Generation Y and their resigning habits

not for students not for graduates for beginners for professionals for executives

 

Recently, I have not been happy concerncing my work environment: The work load and interactions with my superiors. So I resigned, without a job offer already at hand. I tried beforehand to explain my reasoning, however, without a future job offer, for the old generation’s boss this looked more like blackmailing and bluffing. Thus, let us analyse the mindset of generaion Y a bit.

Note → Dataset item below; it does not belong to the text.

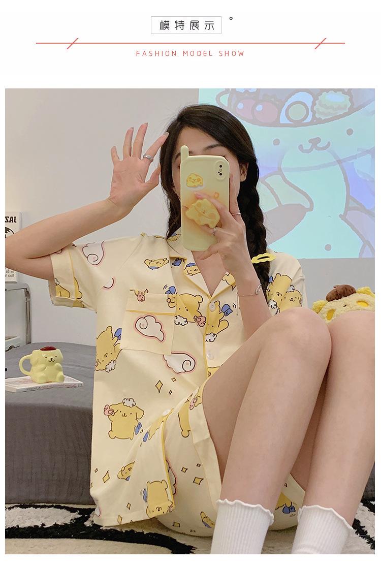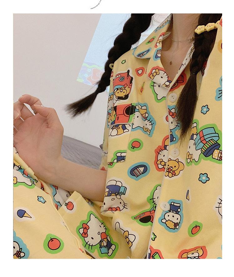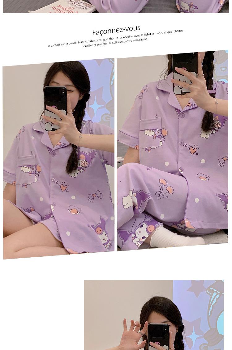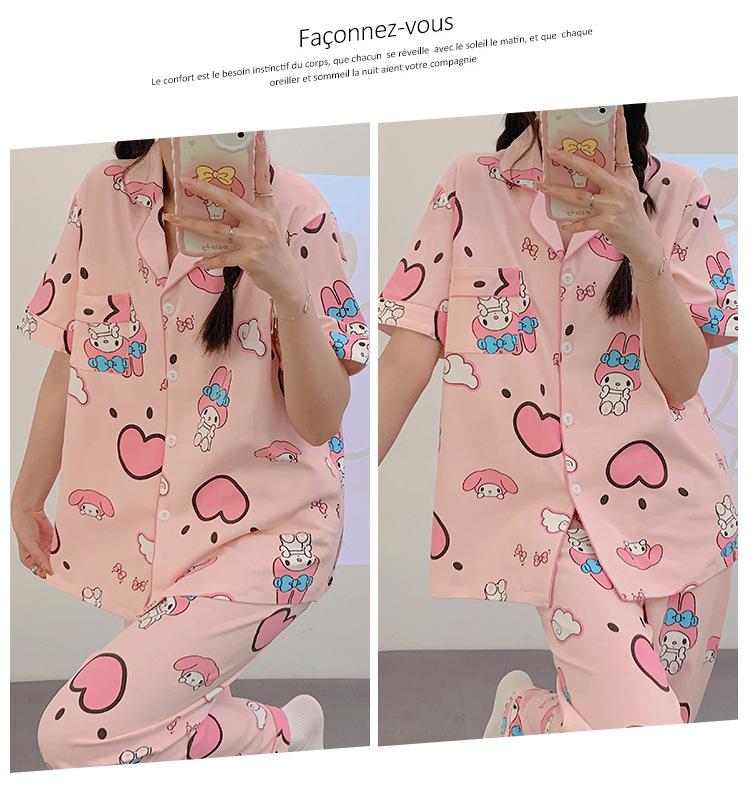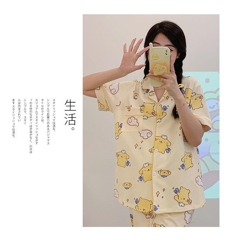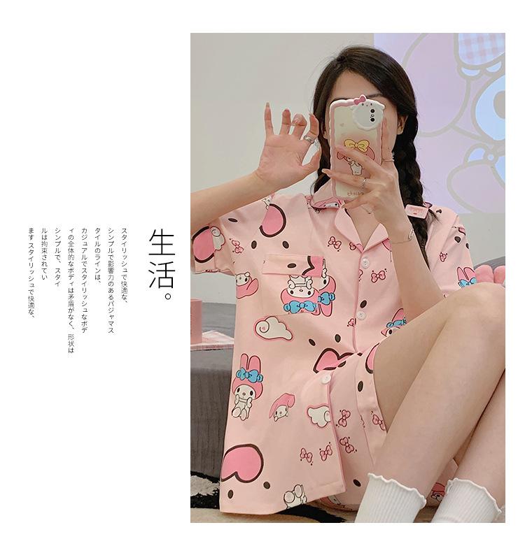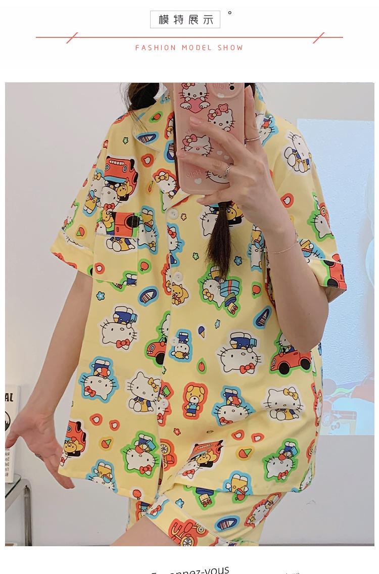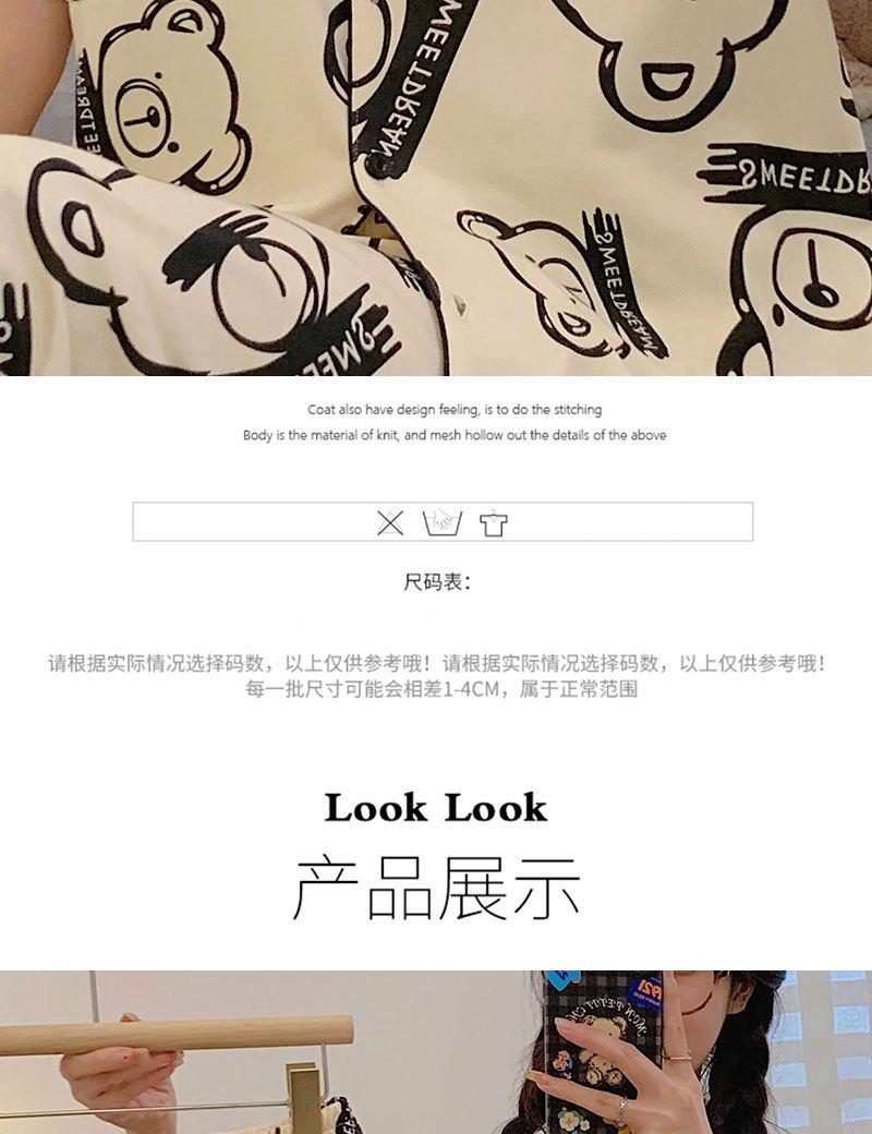 Verano Nuevo Pijama de Tres Piezas de Manga Corta para Mujer Estampado de Dibujos Animados Casual Solapa Cárdigan Ropa de Casa Dropshipping
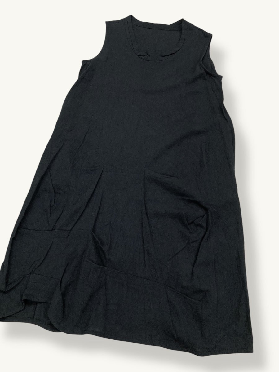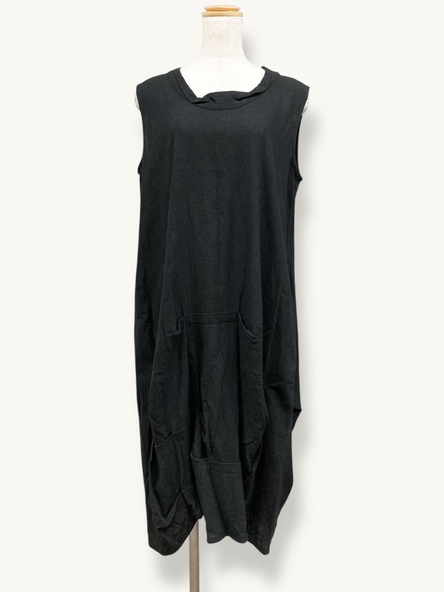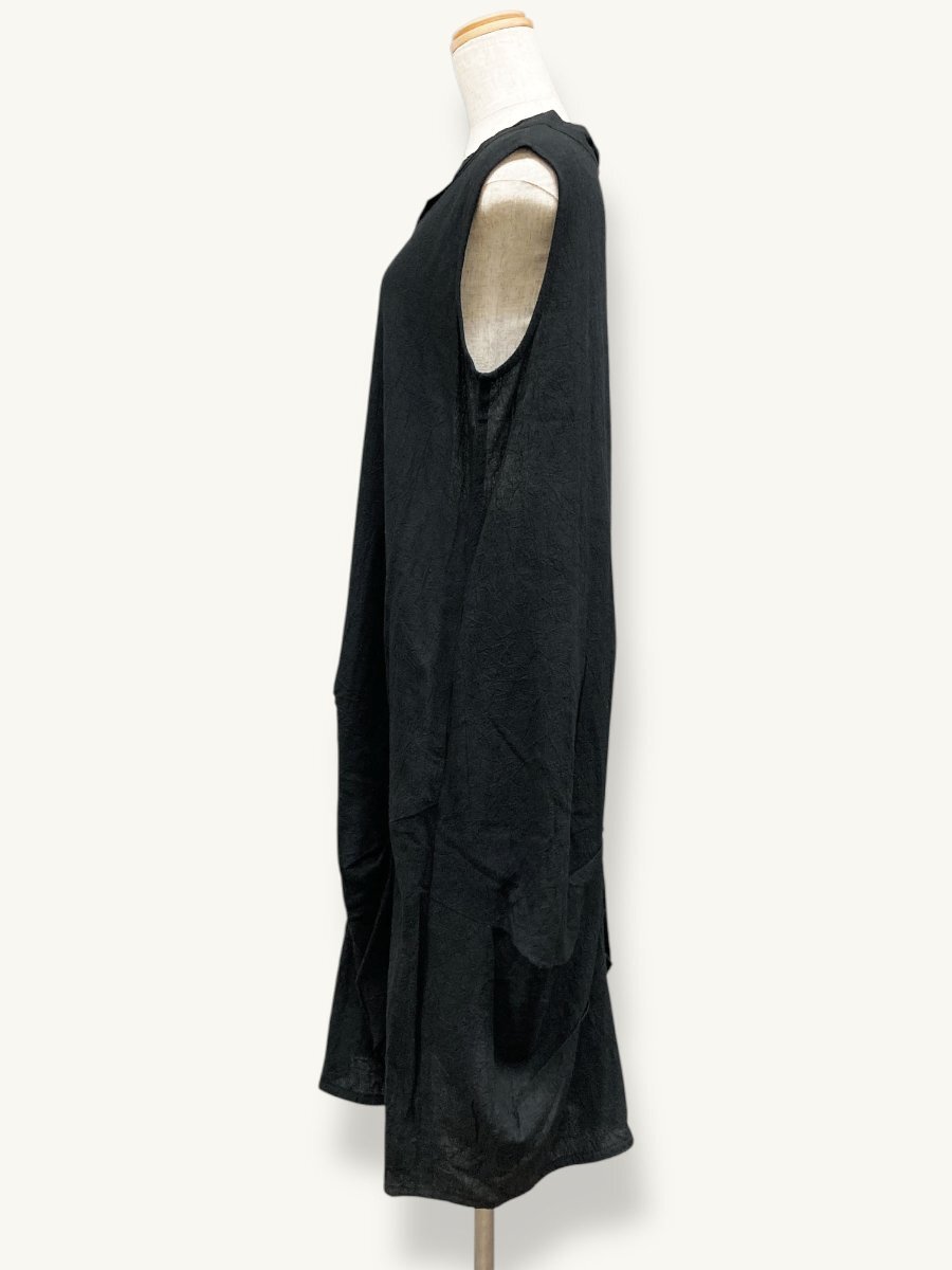 かぶりタイプ/デザインラウンドネック/ノースリーブ/ミディ丈/左右シームポケット/日本製

Changing is not job hopping

An article about job hoppers shows that generation Y is switching jobs as no generation before. They do not fear to leave a job even without having already a new one. Other reports indicate same behaviour. I see this around me quite frequently. Personally, I do not like to quit a job. I consider myself loyal as long as my employer is trustworthy and loyal.

Job hopping is defined by

  1. A short timespan of company affilation: Depending on your country and your industry this time span can be either 1 year or 2 years. For industries like counceling, rapid changes are more common
  2. Multiple times of switching: You have a series of small timespans working for the same company.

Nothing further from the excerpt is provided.